A FSM model contains all the elements associated with a finite state machine. From the view of these model elements, a FSM model splits up into two different model types, the interface and the state transition diagram of a finite state machine.
The interface of an FSM model differs slightly from a typical MLDesigner model interface, especially from models of the discrete event (DE) domain. It contains the elements of a finite state machine to interact with an outer environment or to represent constants and variables. The following interface elements are available for FSM models:
These elements can be of any type or data structure.
The FSM model design represents the state transition diagram of a finite state machine. It contains all the state objects, like normal states, history states, or default entrance states, and their relations via transition objects. The graphical representation of the state transition diagram is completely embedded into the associated FSM model.
Associated with each FSM model is a special data structure called current state data structure. This data structure is derived from the MLDesigner Root.ENUM data structure and named by default of the FSM model name followed by CS (e.g. SimpleElevatorCS). Each item of this enumeration data structure represents the logical name of a state of the associated state transition diagram. The current state data structure of a FSM model is generated automatically and updated, if the set of states or the logical name of a state has changed.
Each FSM model must contain a memory argument called current state memory. This Memory argument is added automatically to a new FSM model and contains the default name CurrentState. In this context, the current state memory can not be deleted from the FSM model. The type of this memory argument is always set to the associated current state data structure. During execution, the value of the current state memory is always the logical name of the current state. If the scope of this memory argument is external, another block linked to this memory argument can change the finite state machine’s current state.
Changing the value of the current state memory from outside of the FSM block or via an FSM action statement causes no action execution.
The state, specified by the value of the current state memory, becomes the current state. If this state is a hierarchical state, its default entrance destination becomes the current state and so on, until the destination of a default entrance is a leaf state.
The CurrentStateDS property can be used to change the name of the current state data structure associated with every FSM model. In this context, the old current state data structure is removed from the parent library model of the FSM model and a new generated current state data structure based on the new specified name is added to the parent library.
The type of the current state memory is automatically updated to the new current state data structure.

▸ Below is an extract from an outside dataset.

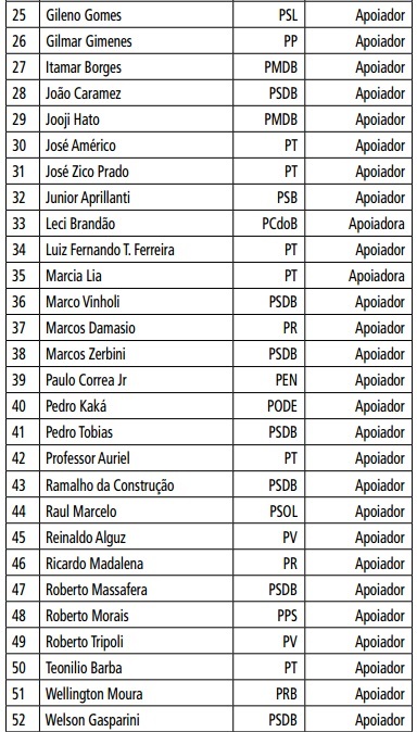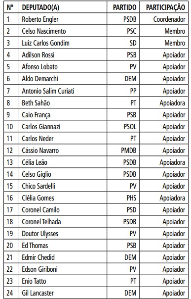 2) Ofício GRE_002/2017, de 9 de maio de 2017, do Deputado Roberto Engler - inclusão dos Deputados Adilson Rossi e Caio França, como Apoiadores, e do Deputado Celso Nascimento, como Membro;

Because the old current state data structure is deleted, any other elements (e.g. ports, memories), using this data structure will lose the reference to the old current state data structure and they are not automatically updated to the new current state data structure.
In addition to the basic properties of MLDesigner models, an FSM model contains a string property called Internal Events. The value of this property is a space separated list of the names of the internal events of the finite state machine. Each time the value of this property changes, every item on the list of internal events is checked to see if it is unique in the scope of the FSM Model and not equal to the name of any interface element.
The Additional Code property is a powerful feature for advanced usage of the MLDesigner FSM model. It provides the facility to define additional ptlang primitive source code in context with a finite state machine. Likewise for MLDesigner primitive models, it is possible to include additional header files or to define global variables and functions. These functions can be called in any action associated with states, transitions or default entrances. Global variables can be read and written in any action and used in expressions of transition guard conditions.
// This code section can be used to define additonal ptlang source code, e.g.
// global methods, variables or additional header includes, used in context with
// State Entry and Exit Actions, Transition Actions and Guard Conditions and
// the Action of the FSM top level Default Entrance.
// NOTE: The methods: constructor, destructor, go, begin, setup and wrapup
// are reserved and cannot be defined in this section !!!
hinclude {}
ccinclude {}
public
{
double mArc;
double mAngle;
}
method
{
name { RadianToDegree }
access { public }
type { "double" }
arglist { "(double pArc)" }
code
{
return 180 / pi() * pArc;
}
}
method
{
name { DegreeToRadian }
access { public }
type { "double" }
arglist { "(double pAngle)" }
code
{
return pi() / 180 * pAngle;
}
}
The variables mArc and mAngle can be written and read in any action and used in transition guard conditions, e.g.
mAngle >= 90
Furthermore, the functions RadianToDegree and DegreeToRadian can be called in any action, e.g.
mAngle = RadianToDegree(mArc);
As described in the comment at the beginning of the additional code example, it is not possible to define reserved methods: constructor, destructor, go, begin, setup and wrapup. Furthermore it is highly recommended to check the additional code section for validity before editing any action or transition guard condition. Parse or compiling errors are often caused by source code from this section.